Your numbers look a lot like what I got--but my DHW and oils standby are both higher.  As for shutting down for the summer, it might be a problem, but I think a lot of folks do it.  IN my case, I will get my boiler torn out as soon as I have a DHW solution....

On a BTU basis, 15 cent/kWh is the same as ~$4.60/gal oil (assuming 100% for the elec, 80% for the oil).  So, with a COP of 3, a BTU on the HP is less than half as expensive as $3/gal oil.  BUt the big savings are in reduced standby.


----------



## DBoon (Nov 9, 2011)

I agree with the previous calculation - I calc'd it a while ago with a night rate of 0.10/kWh and my oil break even rate was $2.75/gal or so.  If you don't use a lot of hot water, the HPWH will be more efficient since you won't have the low efficiency cycling of the oil burner.


----------



## Jaugust124 (Nov 16, 2011)

Thanks for the replies.  I am also looking into the whole solar thing. From what I understand, the solar hot water can also be used in baseboards or as radiant heat in flooring.  Hmmm.  Seems a bit more interesting and may make the payback period a bit shorter.  Probably just all really a dream at this point, but might consider something in the not too distant future.  More research needs to be done on my part.


----------



## jebatty (Nov 16, 2011)

A piece that usually is little discussed when energy efficiency is the topic is the value of low-tech conservation and high payback, from things as simple as low-flow faucets and showers, to additional insulation, to heat traps, to plain reduced usage. I love high tech, especially when it is economical. The best solution for our DHW situation, all electric, was no more than: 1) raising the hot water heater off the floor on a 2 x 4 frame; 2) insulating under the hot water heater and adding 6" of fiberglass insulation around the sides and top; 3) adding effective heat traps on the hot and cold water lines to prevent thermal siphoning; and 4) insulating all the hot water pipes that we could get to. Total cost of all of this was about $50-75, and the reduction in electric usage was 50%. Of course, we also have all the low-flow devices as well, we don't stand in the shower for lengthy periods, and we are moderate in our use of bath water and other uses of hot water.

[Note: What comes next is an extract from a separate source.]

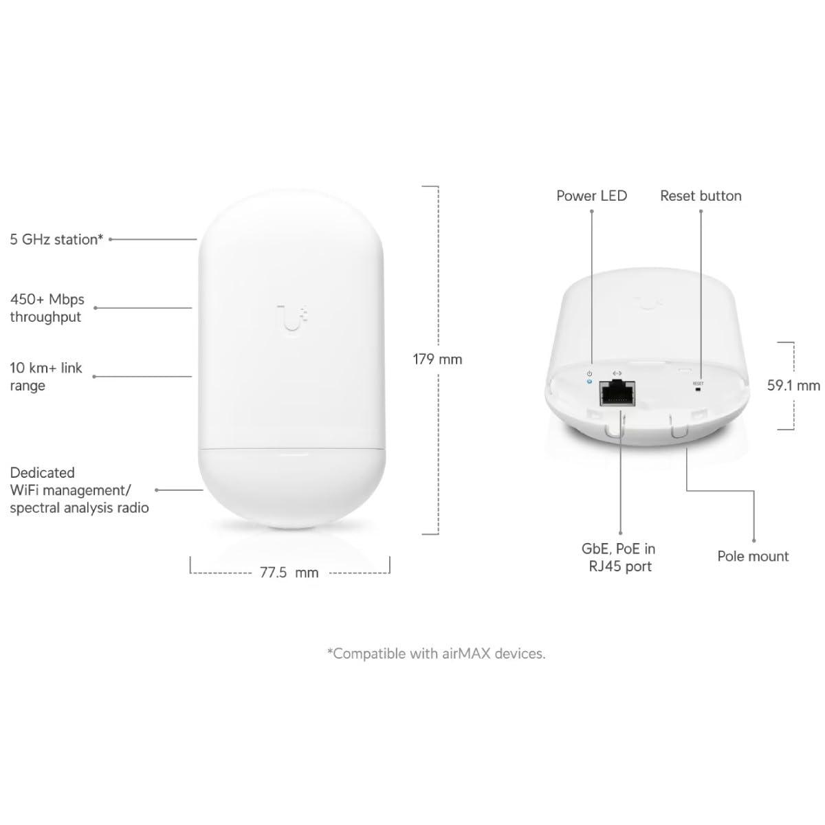 Ubiquiti NanoStation 5AC Loco 450 Mbit/s Bianco Supporto Power over Ethernet [PoE] (Ubiquiti NS-5ACL NanoStation AC Loco 5GHz 13dBi airMAX Outdoor Wireless AC CPE Bridge 5 Pack)

Purchasing a HP, hybrid, or any new hot water heater for energy savings just doesn't add up when nearly the same savings can be had for $50. But, if a new hot water heater is in the picture anyway, then purchasing one without also implementing other conservation is akin to throwing the baby out with the bathwater. 

I definitely will consider a heat pump hot water heater when it is time to replace our electric resistance hot water heater. Since we already have implemented conservation measures, the significant area of savings with the hp hot water heater may be summer-time dehumidification in our basement, a big expense which I do not otherwise know how to reduce, if sufficient dehumidification can be provided. Right now the energy star rated dehumifier runs nearly constantly most of the summer and it is on the "less dry" setting, and at this time I doubt a hp hot water heater can do the job.


----------



## woodgeek (Nov 16, 2011)

Jaugust124 said:
			
		

> Thanks for the replies.  I am also looking into the whole solar thing. From what I understand, the solar hot water can also be used in baseboards or as radiant heat in flooring.  Hmmm.  Seems a bit more interesting and may make the payback period a bit shorter.  Probably just all really a dream at this point, but might consider something in the not too distant future.  More research needs to be done on my part.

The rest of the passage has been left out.